O Ministério Público de Mato Grosso (MPMT) emitiu recomendações à Prefeitura de Tangará da Serra (MT) para que, no prazo de 15 dias, cumpra uma série de recomendações após relatos de que gestantes teriam de retornar para casa com dores por ausência de médicos plantonistas e outras acomodadas em locais inadequados em unidades de saúde do município.
Conforme documento assinado pela promotora de Justiça, Itâmara Guimarães Pinheiro, no dia 12, um inquérito civil apura possíveis falhas estruturais e funcionais na rede municipal de saúde, especialmente, na Unidade de Pronto Atendimento Ari Torres e no Hospital Municipal Arlete Daisy Cichetti de Brito.
Segundo relatos de mulheres grávidas e familiares, o tratamento dado às pacientes seria grosseiro e com orientações de retornarem para casa sob a justificativa de ausência de médico especialista disponível, mesmo com dor e gravidez de risco.
Conforme um dos relatos documentados, uma gestante cujo bebê apresentava alteração nos batimentos cardíacos e na oxigenação foi dispensada duas vezes, tendo de ser encaminhada para procedimento cirúrgico em outro município.
Uma inspeção realizada nos dias 17 e 23 de abril deste ano confirmou que os médicos das especialidades de obstetrícia e pediatria atuam em regime de sobreaviso, comparecendo às unidades apenas quando acionados, mesmo que o atendimento a gestantes e parturientes seja considerado imprevisível e urgente.
Além disso, não haveria local adequado e reservado para a permanência de gestantes em trabalho de parto, bem como acomodação em espaços improvisados ou impróprios, o que, segundo o Ministério Público, vulnera a dignidade da pessoa humana e a segurança assistencial da mãe e do recém-nascido.

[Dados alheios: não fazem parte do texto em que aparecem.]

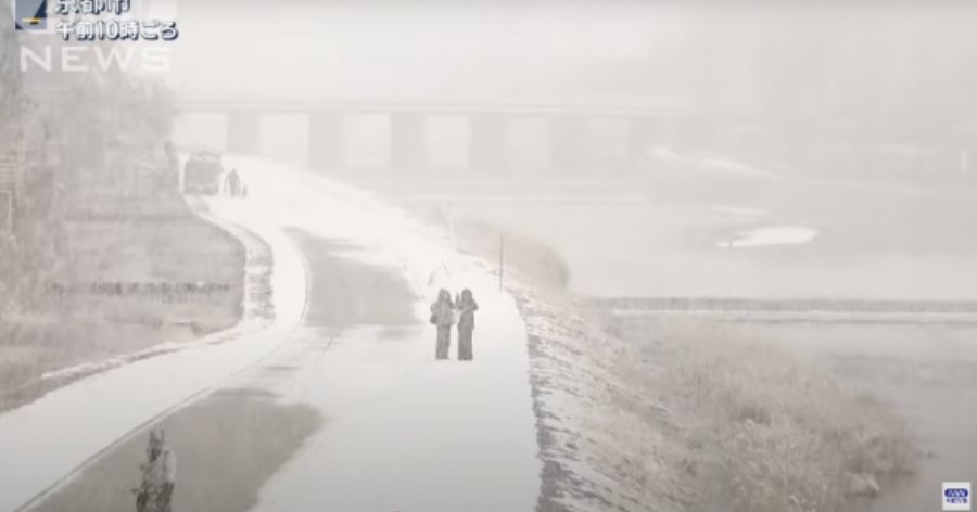 Na cidade turística de Quioto os turistas comemoram a neve que caiu pela primeira vez nesta temporada. “A neve deixa tudo ainda mais atraente. É mágica”, disse um casal da Austrália.
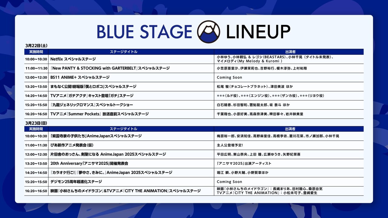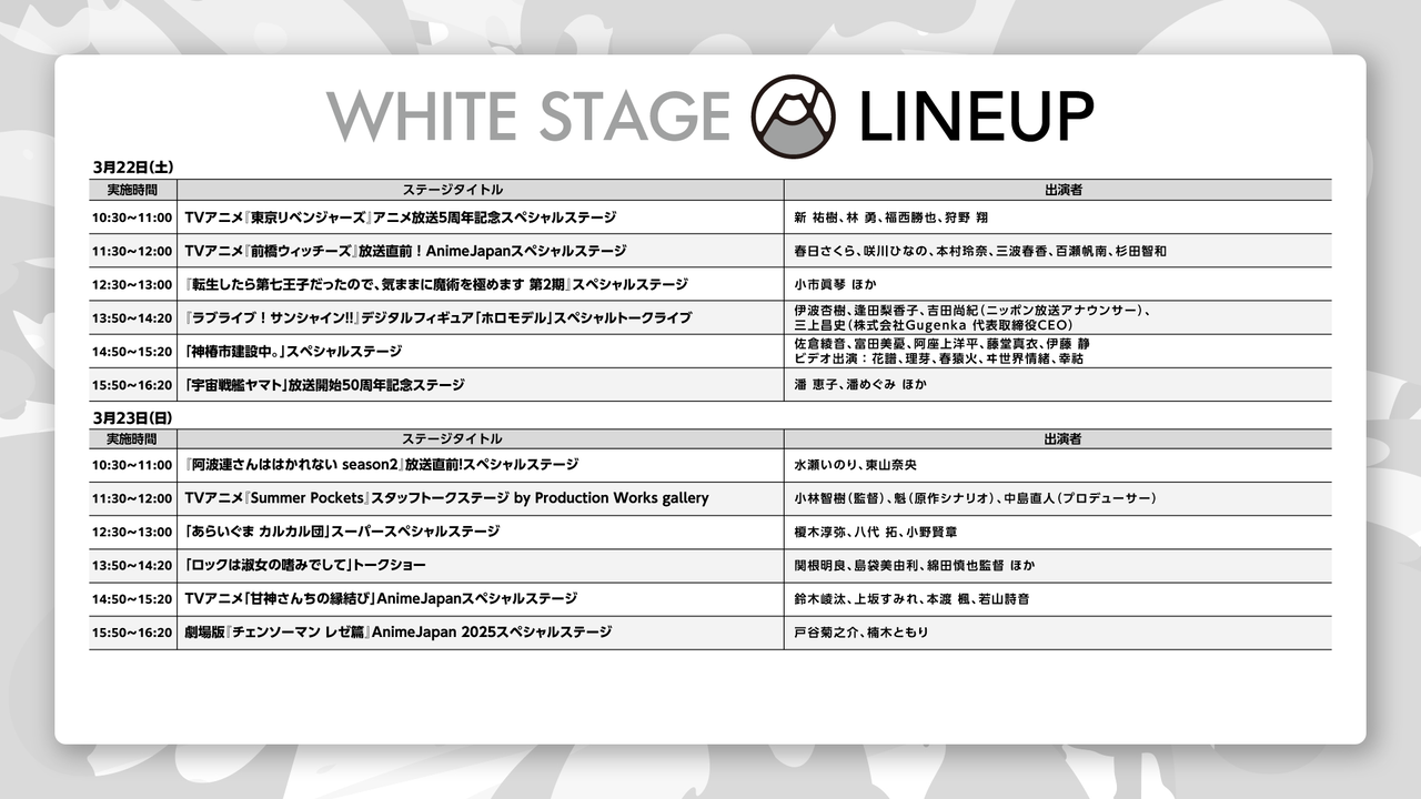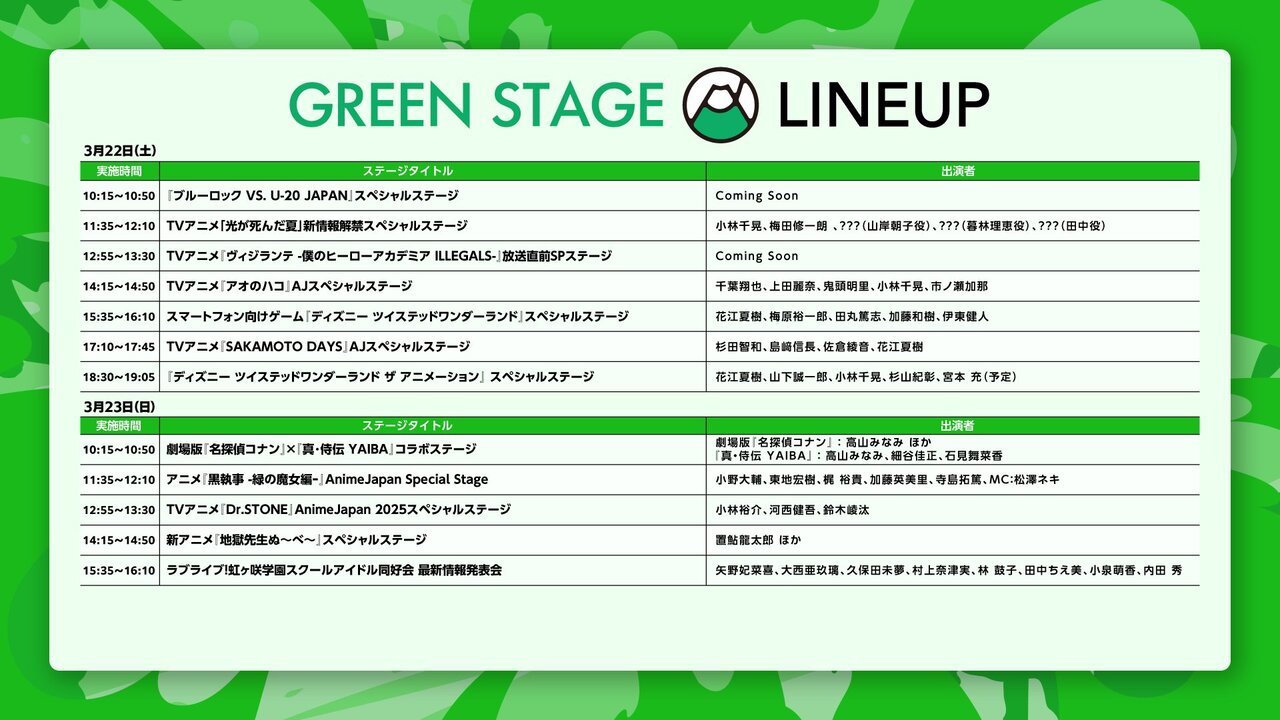 🔽ステージラインナップ一覧https://t.co/oifFeI4FTJ#AJ2025#AnimeJapan pic.twitter.com/IGmMeFQIjW

Diante disso o MPMT recomendou que o município, o prefeito, a Secretária Municipal de Saúde e a
direção do Complexo Hospitalar para que assegurem o acolhimento humanizado das gestantes, sendo vedado qualquer tratamento grosseiro ou negligente por parte dos profissionais de saúde.
Deve ser determinado ainda que médicos plantonistas permaneçam fisicamente nas unidades de saúde durante todo o período de plantão, e que especialistas em regime de sobreaviso, em especial os das áreas de obstetrícia e pediatria, compareçam às unidades em tempo hábil e compatível com a urgência do quadro clínico apresentado.
Deve ser disponibilizar também local adequado, reservado e seguro para a acomodação e a permanência de gestantes em trabalho de parto, sendo vedada a acomodação em corredores ou espaços improvisados.
Foi fixado o prazo de 15 dias, para que a gestão municipal informe por meio escrito e documentado a promotoria se as recomendações foram acatadas e cumpridas. Em caso de descumprimento, serão tomadas medidas judiciais e até possível responsabilização dos gestores.
Outro lado
O Primeira Página entrou em contato com a assessoria da Prefeitura de Tangará da Serra para verificar quais medidas tem sido adotadas para atender às recomendações do MPMT, visto que o prazo determinado é este sábado (27). Até o momento não houve retorno. Espaço segue aberto para manifestações e posicionamento.